Here are the earliest recordings of the “songs” of nature
• 1889 • Boy violinist Ludwig Paul Koch makes first known birdsong recording with a phonograph, Frankfurt Zoo
• 1924 • First radio broadcast of cellist Beatrice Harrison playing while nightingales sang and echoed the notes of the cello
• 1929 • Ludwig Paul Koch invents the sound-book to record animal sounds by attaching gramophone records to an illustrated book
• 1936 • Ludwig Paul Koch records birds in the park of The Royal Castle of Laeken, Belgium
• Late 1940s • First recording of a marine mammal, the beluga (or white) whales, Canada
• 1955 • William W.H. Gunn, a pioneer soundscape composer, releases A Day in Algonquin Park, recordings of sounds in the forest, marsh and lake in Algonquin Provincial Park, Ontario, Canada
• 1958 • Herpetologist (studies reptiles and amphibians) Charles M. Bogert compiles and narrates sounds of frogs and toads recorded in swamps, lakes, woods, and road-side ditches across North America
• 1960 • Jim Fassett’s Symphony of Birds introduces musique concrete, sound assembled from field recordings of bird calls mixed with manipulated bird sounds
• 1964 • Composer Walter De Maria releases Cricket Music, his drumming mixed with field recordings of nature, including insects
Playing IN and WITH the River
Despite limitations of the 2019–2020 Coronavirus Pandemic, Tree-o recently jumped at an invite to perform a three-day outdoor pop-up concert in Breckenridge, a ski resort town in Colorado. The venue fit the adventurous trio—in the middle of the gently flowing Blue River. Smith immediately started designing a seven-foot-tall water harp. As always, he yearned to push boundaries. So, he hand built the water harp to amplify the sound of the water.

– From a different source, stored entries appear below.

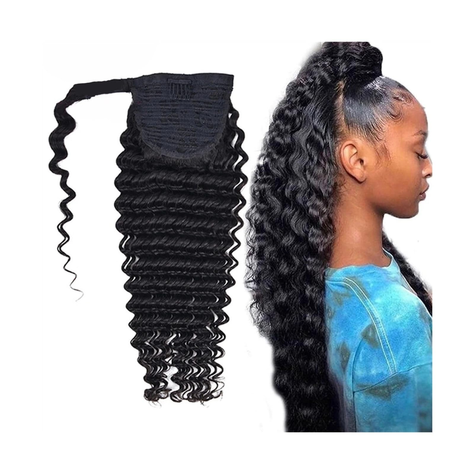 The ponytail hair extensions are natural and realistic, stylish and beautiful, and the wrap around hair makes the ponytail look more natural. Deep Wave Human Hair Ponytail Extension for Black Women, Wrap Around Ponytail with Magic Paste Clip In Wave Ponytail Hair Extensions Human Hair Pieces Product Name: Deep Wave Human Hair Ponytail Extension Hair Material: Brazilian Human Hair Hair Sytle: Deep Wave Length: 10-24 Inch Color: Natural Black Occasions: Suitable for Everyday Wear, Cosplay, Dating, Parties and Other Occasions. Packing list: 1Pcs * Deep Wave Wrap Around Ponytail Extension Note: 1. Please check the size and color before purchg. 2. Does not include items other than those shown in the product photo. 3. Please note that due to the different monitors, slight chromatic aberration may occur, please understand. 4. The above data is for reference only, the size is manual measurement, each variable may be different, please refer to the actual product, thank you.5.?Warm Tips?:For All Human Hair Products, Minimum Shedding And Tangling Is Normal, Please Take Care Of Washing And Maintenance. And You Could Try Some Hair Spray To Keep The Good And Lasting Hair Style, And You Could Also Apply Some Hair Oil To Maintain Hair Quality, And Prevent Hair Dry. 4.?Suitable for Different Occasions?: Sexy looks, suitable for all fashion/glamour/elegant many occasions such as party, date, shopping, dinner, banquet, cocktail, etc. 3.?Ponytail Extension For Black Women ?:Our Human Hair Ponytail Can Be Washed, Conditioned, Dyed, Cut, Twisted Out, Straightened, Curled And Styled. 2.?Wrap Around Ponytail Human Hair?:This Wrap Around Ponytail Extension Is Easy To Wear, And The Magic Paste Can Hold The Ponytail Well, 1 Clip On The Hairnet,Easy To Get a Long Thick Ponytail Like Magic.Super Easy To Wear And Stay On Securely. Just Wrap/Tie It Around Your Own Ponytail And You Will Get a Long Thick Pony Tail Magically. 1.?Human Hair Ponytail Extension ?:Made With 100% Virgin Remy Human Hair Cut Directly From One Donor. 100% Real Human Hair, No Shedding And Tangle Free, Healthy And Clean, Bouncy, Soft And Comfortable. The ponytail extension is very popular. It is suited for many kinds of occasions, such as daily use, dating, meeting, graduation, wedding, party, and many other occasions.
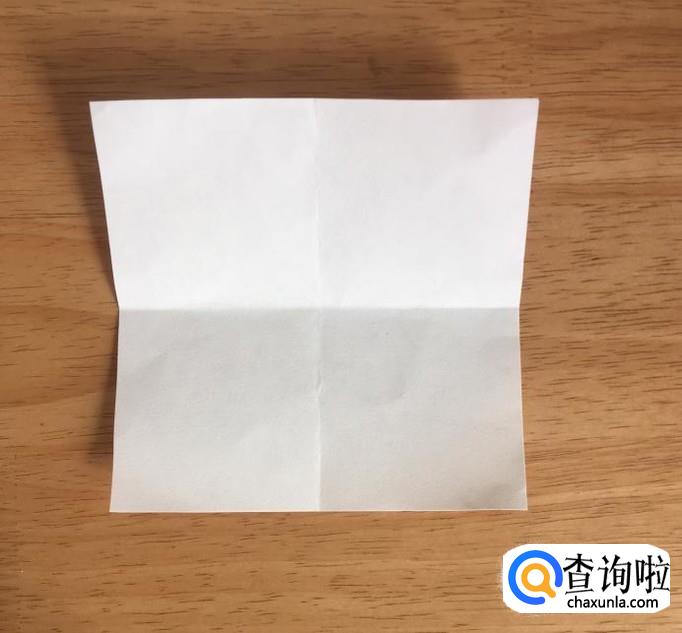 准备一张正方形彩纸,上下对折并展开,然后左右对折后打开。
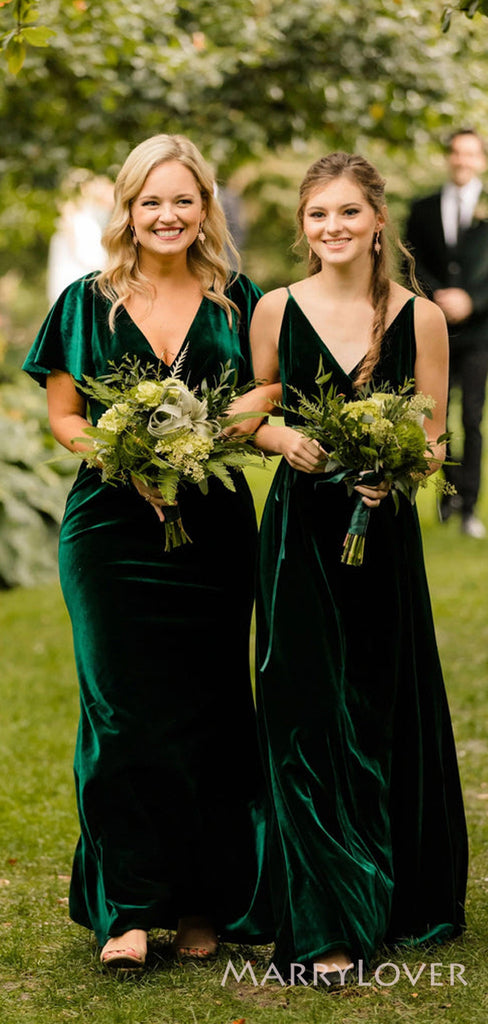 Mismatched Dark Green Velvet Deep V-neck Long Custom Bridesmaid Dresses , BN1191
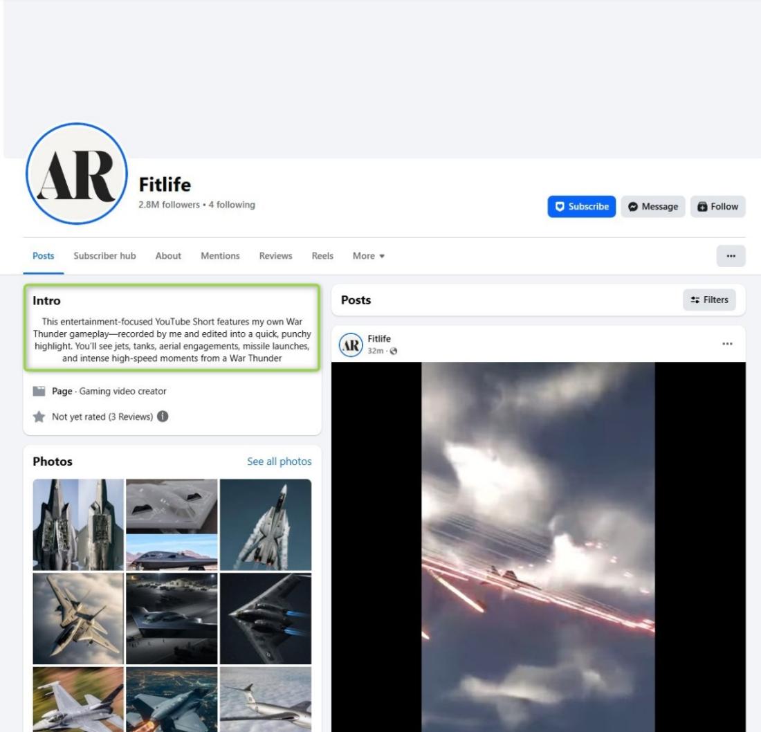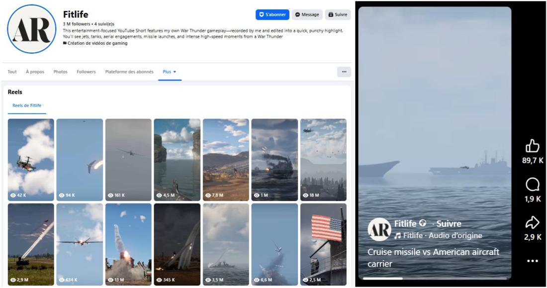 Dans la bio de ce compte, l'utilisateur a indiqué que sa page est "axée sur le divertissement" et présente des extraits du jeu vidéo de simulation militaire War Thunder, enregistrés et montés par ses soins (lien archivé ici).

Smith planted his water harp a few inches under water behind him. The harp’s string picked up the vibrations of the rippling water and amplified them through huge speakers on the grassy hillside.
It was a Saturday evening in August and the scene looked like a postcard: Barefoot children climbing onto boulders in the Blue River. Parents, hikers, and cyclists were taking a break on the grassy hill. One hour before sunset, the scene turned surreal. Tree-o appeared. In the water!
Smith in a black tuxedo coattails waded out into the shallow river first. Larkin, in a white tuxedo vest, was followed by Lauffer, who was decked out in a full-length black evening gown. The trio nonchalantly positioned themselves closely in a triangle, facing each other. They launched into a soft melody. Children kept on playing in the water, a dog romped and splashed, as the sound of the current got louder and louder, and Tree-o improvised melodies with the sound of the river. Mid-way through Tree-o’s concert, Smith introduced Larkin, Lauffer, and lastly, the water.
Before the cold, wet trio waded out of the river, Smith took a moment to express their gratitude: “We will remember we shared this moment with a bunch of strangers in one of the only venues available to us now, and that is nature.”
After the audience applauded, the river kept playing and playing, and playing.